* **Goal of the exercise**
Transcribe only the lines in the data below falling between the line with "T-Shirt mit dekorativen" and the line with "コットンボーダー長袖タートルネックシャツ【マッチングスタイル対応】 | 犬服通販ドッグピース", including those two lines, and leave out any picture.

* **Recorded data**
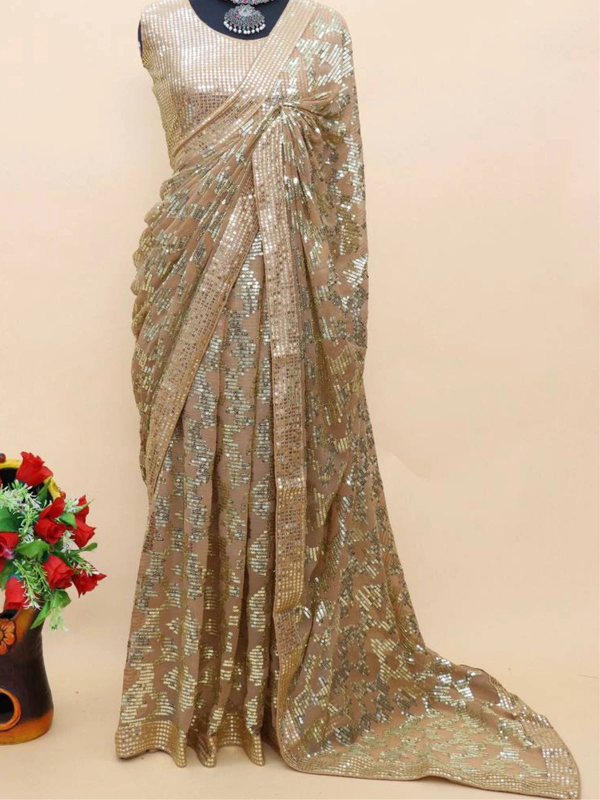 | Saree Design: | All-over sequin embellishments with a graceful drape that adds a touch of glamour |
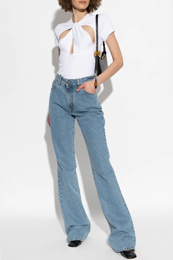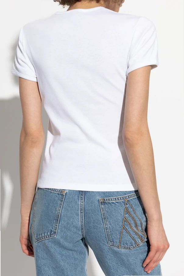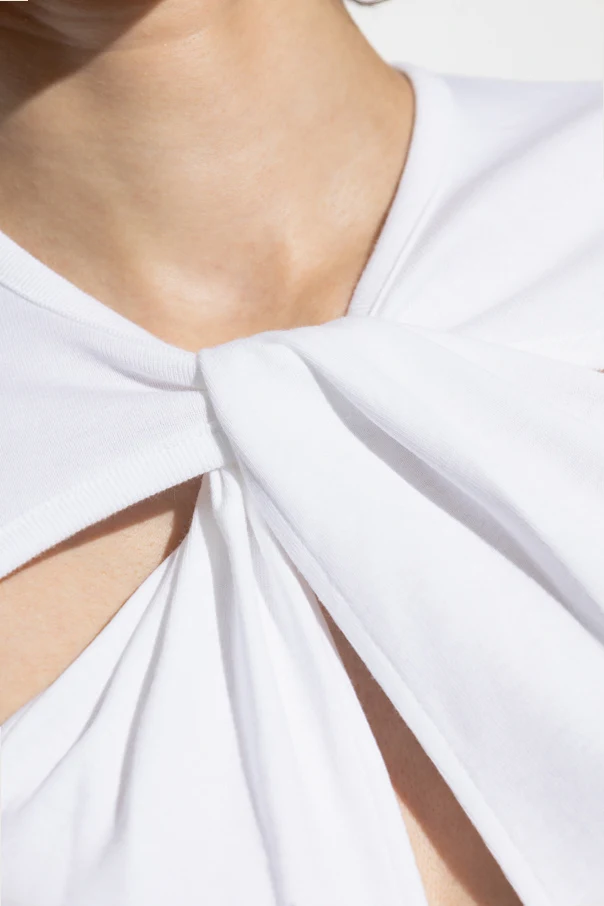 T-Shirt mit dekorativen Cut-outs der Marke Coperni ist ein hervorragendes Beispiel für die Verbindung moderner Ästhetik mit Schneiderkunst. Der sorgfältig geschnittene Schnitt betont die Silhouette und setzt die Taille dezent in Szene. Charakteristische dekorative Cut-outs – zwei breite Bögen auf Brusthöhe und ein vertikales Detail am Ausschnitt – verleihen dem Shirt in Harmonie mit dem künstlerischen Drapieren des Stoffes einen futuristischen und architektonischen Akzent.
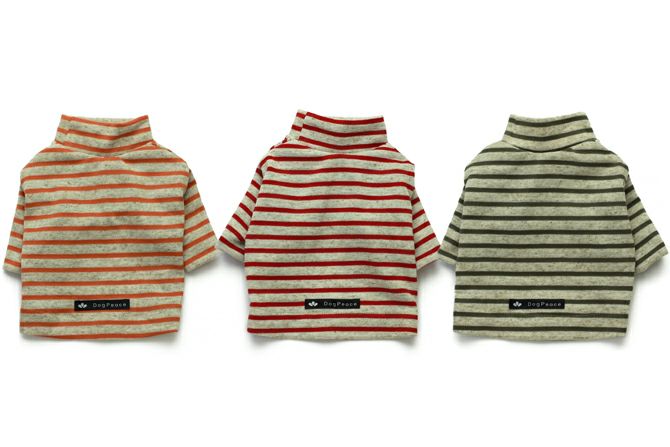 コットンボーダー長袖タートルネックシャツ【マッチングスタイル対応】 | 犬服通販ドッグピース
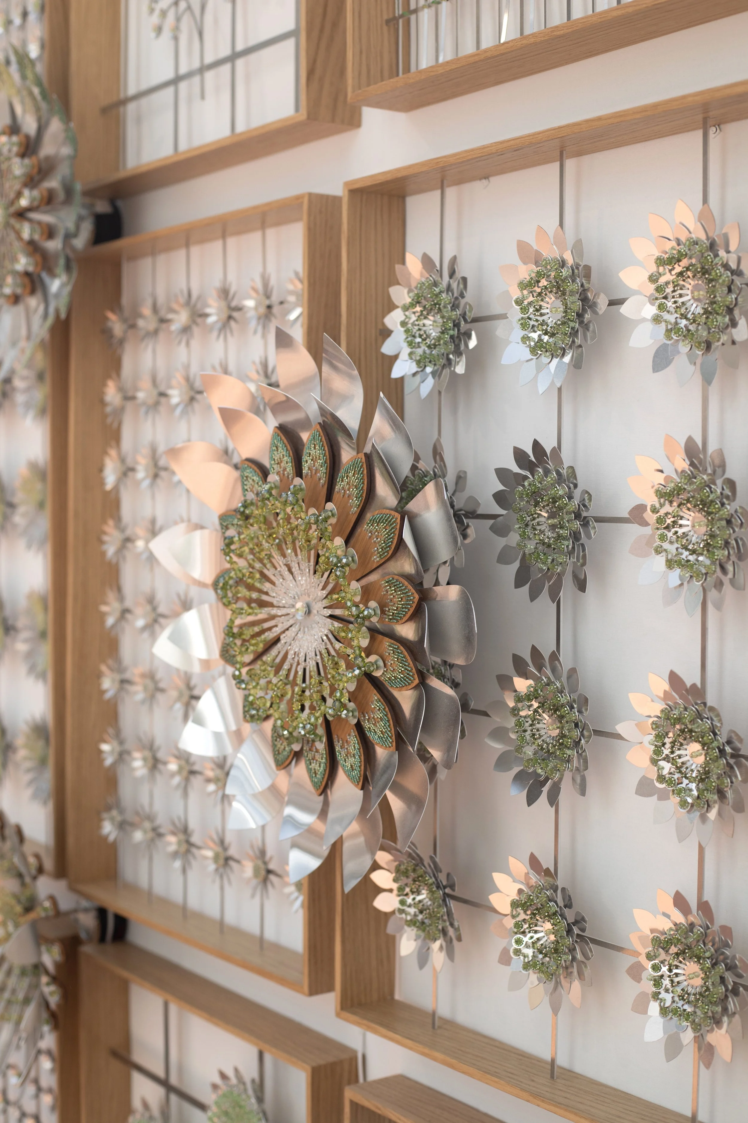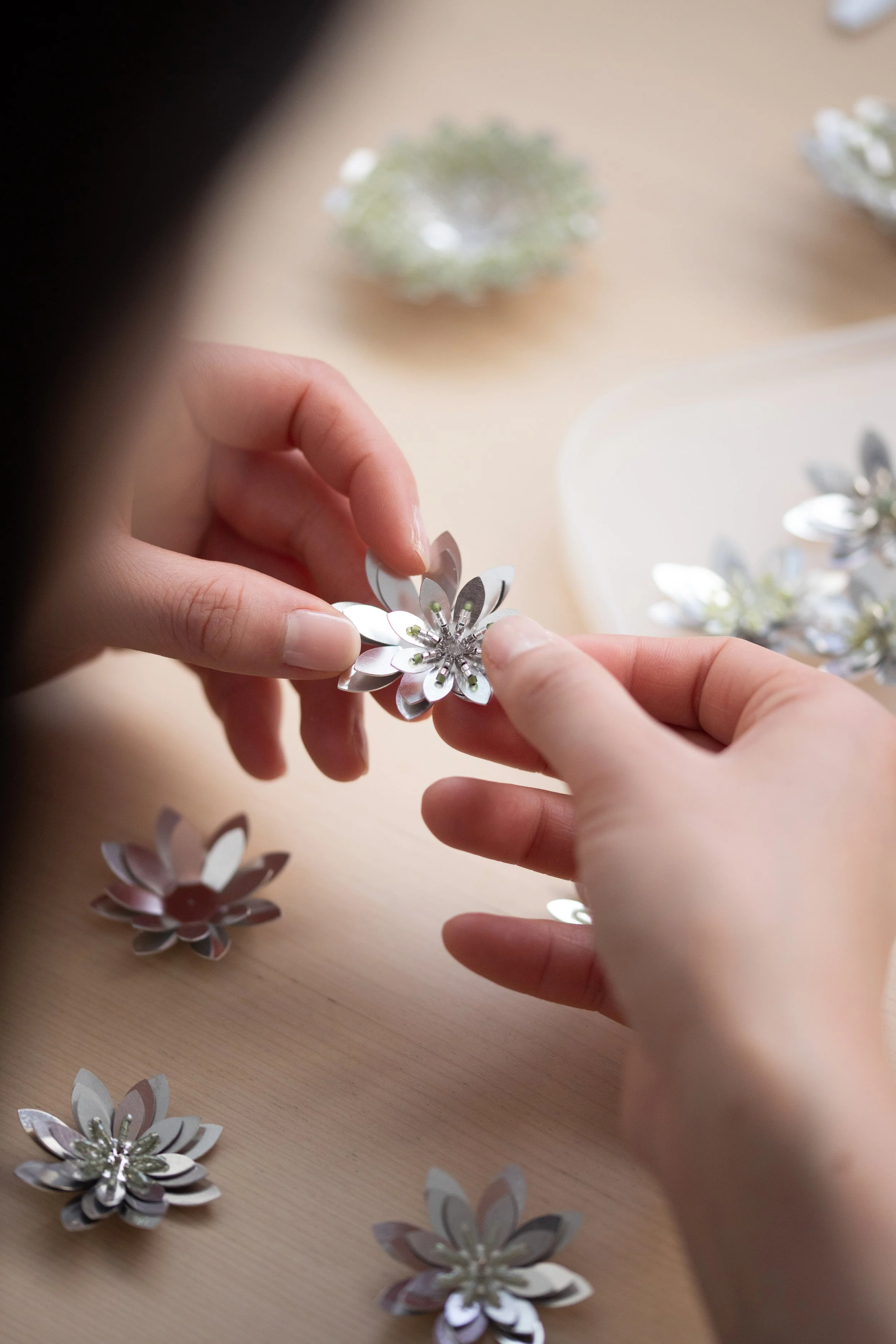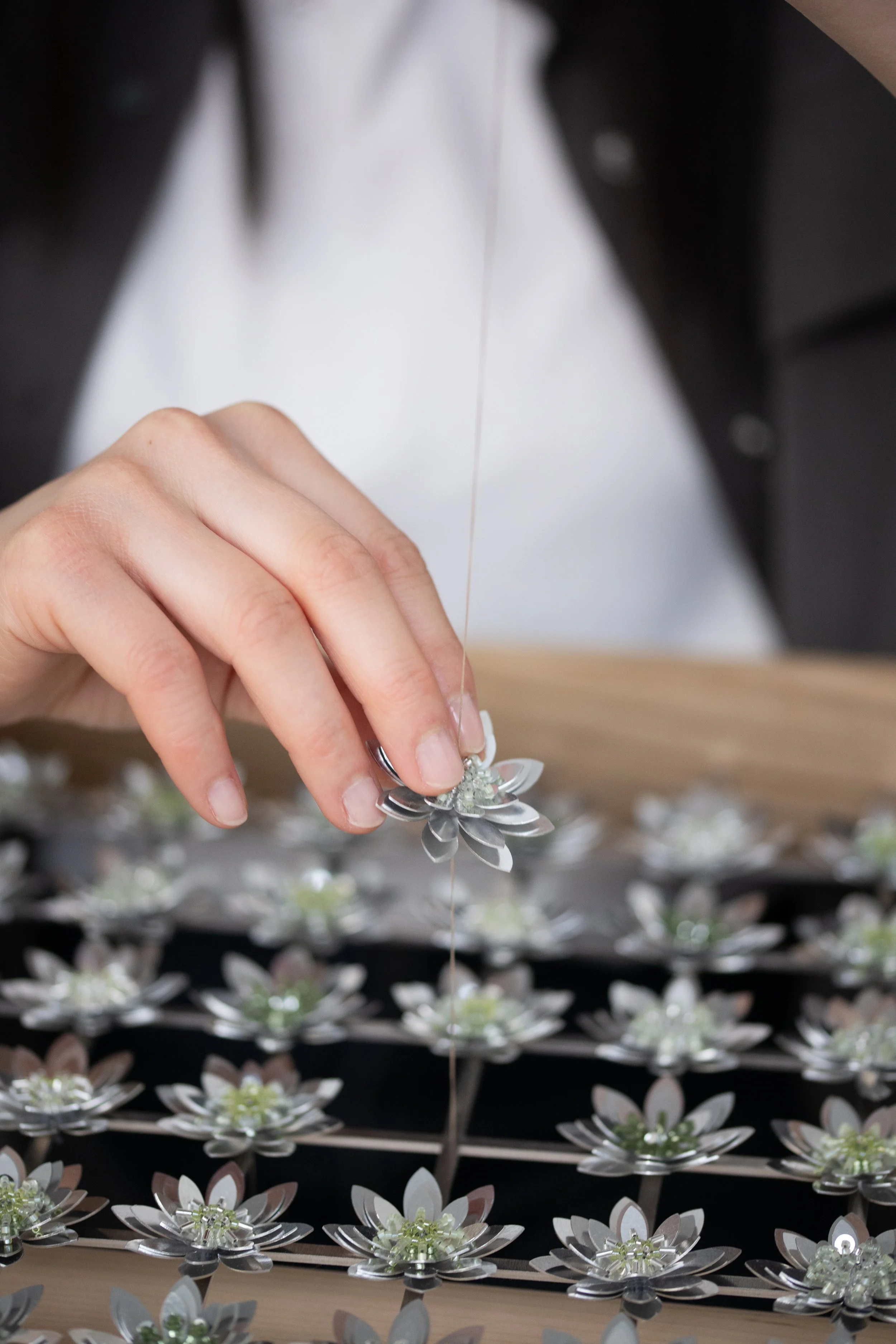 Inspired by nature yet shaped by technique, the piece reveals a landscape of hand-cut forms, layered textures, and meticulous embroidery with glass beads. Each petal is sculpted and stitched by hand, capturing light as it moves across the surface. The result is a living composition—one that shifts with perspective, inviting touch, contemplation, and time.

* **Solution to this task**
 T-Shirt mit dekorativen Cut-outs der Marke Coperni ist ein hervorragendes Beispiel für die Verbindung moderner Ästhetik mit Schneiderkunst. Der sorgfältig geschnittene Schnitt betont die Silhouette und setzt die Taille dezent in Szene. Charakteristische dekorative Cut-outs – zwei breite Bögen auf Brusthöhe und ein vertikales Detail am Ausschnitt – verleihen dem Shirt in Harmonie mit dem künstlerischen Drapieren des Stoffes einen futuristischen und architektonischen Akzent.
 コットンボーダー長袖タートルネックシャツ【マッチングスタイル対応】 | 犬服通販ドッグピース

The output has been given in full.